Work request » From the first line to the last, repeat the data exactly but leave out the pictures.

Data section below:

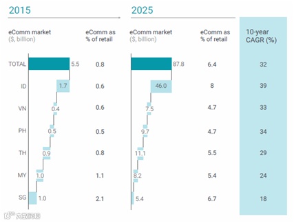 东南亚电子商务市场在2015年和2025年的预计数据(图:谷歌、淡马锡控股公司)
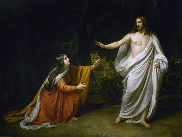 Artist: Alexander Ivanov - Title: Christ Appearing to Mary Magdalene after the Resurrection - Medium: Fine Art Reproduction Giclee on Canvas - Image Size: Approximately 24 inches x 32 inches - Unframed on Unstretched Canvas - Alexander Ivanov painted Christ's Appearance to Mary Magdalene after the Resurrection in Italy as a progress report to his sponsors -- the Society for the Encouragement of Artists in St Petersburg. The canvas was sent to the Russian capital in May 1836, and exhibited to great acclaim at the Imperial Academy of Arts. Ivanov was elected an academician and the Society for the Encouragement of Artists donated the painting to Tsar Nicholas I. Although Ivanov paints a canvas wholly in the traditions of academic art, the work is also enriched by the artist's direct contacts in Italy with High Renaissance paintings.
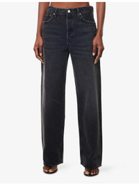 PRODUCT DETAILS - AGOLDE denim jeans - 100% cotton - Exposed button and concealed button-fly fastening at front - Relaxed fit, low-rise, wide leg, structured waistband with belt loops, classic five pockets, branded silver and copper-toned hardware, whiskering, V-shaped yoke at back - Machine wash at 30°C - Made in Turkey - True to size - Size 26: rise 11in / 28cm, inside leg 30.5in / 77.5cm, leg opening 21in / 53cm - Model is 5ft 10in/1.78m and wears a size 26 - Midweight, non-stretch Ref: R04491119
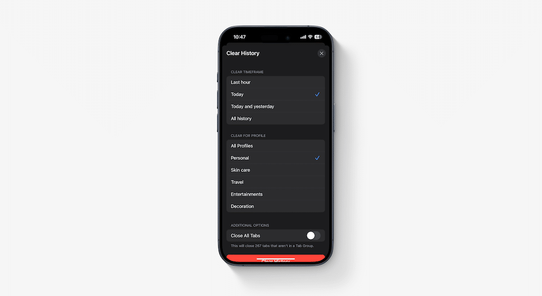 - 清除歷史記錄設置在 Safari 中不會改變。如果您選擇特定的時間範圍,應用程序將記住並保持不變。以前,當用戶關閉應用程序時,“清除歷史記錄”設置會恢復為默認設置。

End of Data section.

The answer »
 东南亚电子商务市场在2015年和2025年的预计数据(图:谷歌、淡马锡控股公司)
 Artist: Alexander Ivanov - Title: Christ Appearing to Mary Magdalene after the Resurrection - Medium: Fine Art Reproduction Giclee on Canvas - Image Size: Approximately 24 inches x 32 inches - Unframed on Unstretched Canvas - Alexander Ivanov painted Christ's Appearance to Mary Magdalene after the Resurrection in Italy as a progress report to his sponsors -- the Society for the Encouragement of Artists in St Petersburg. The canvas was sent to the Russian capital in May 1836, and exhibited to great acclaim at the Imperial Academy of Arts. Ivanov was elected an academician and the Society for the Encouragement of Artists donated the painting to Tsar Nicholas I. Although Ivanov paints a canvas wholly in the traditions of academic art, the work is also enriched by the artist's direct contacts in Italy with High Renaissance paintings.
 PRODUCT DETAILS - AGOLDE denim jeans - 100% cotton - Exposed button and concealed button-fly fastening at front - Relaxed fit, low-rise, wide leg, structured waistband with belt loops, classic five pockets, branded silver and copper-toned hardware, whiskering, V-shaped yoke at back - Machine wash at 30°C - Made in Turkey - True to size - Size 26: rise 11in / 28cm, inside leg 30.5in / 77.5cm, leg opening 21in / 53cm - Model is 5ft 10in/1.78m and wears a size 26 - Midweight, non-stretch Ref: R04491119
 - 清除歷史記錄設置在 Safari 中不會改變。如果您選擇特定的時間範圍,應用程序將記住並保持不變。以前,當用戶關閉應用程序時,“清除歷史記錄”設置會恢復為默認設置。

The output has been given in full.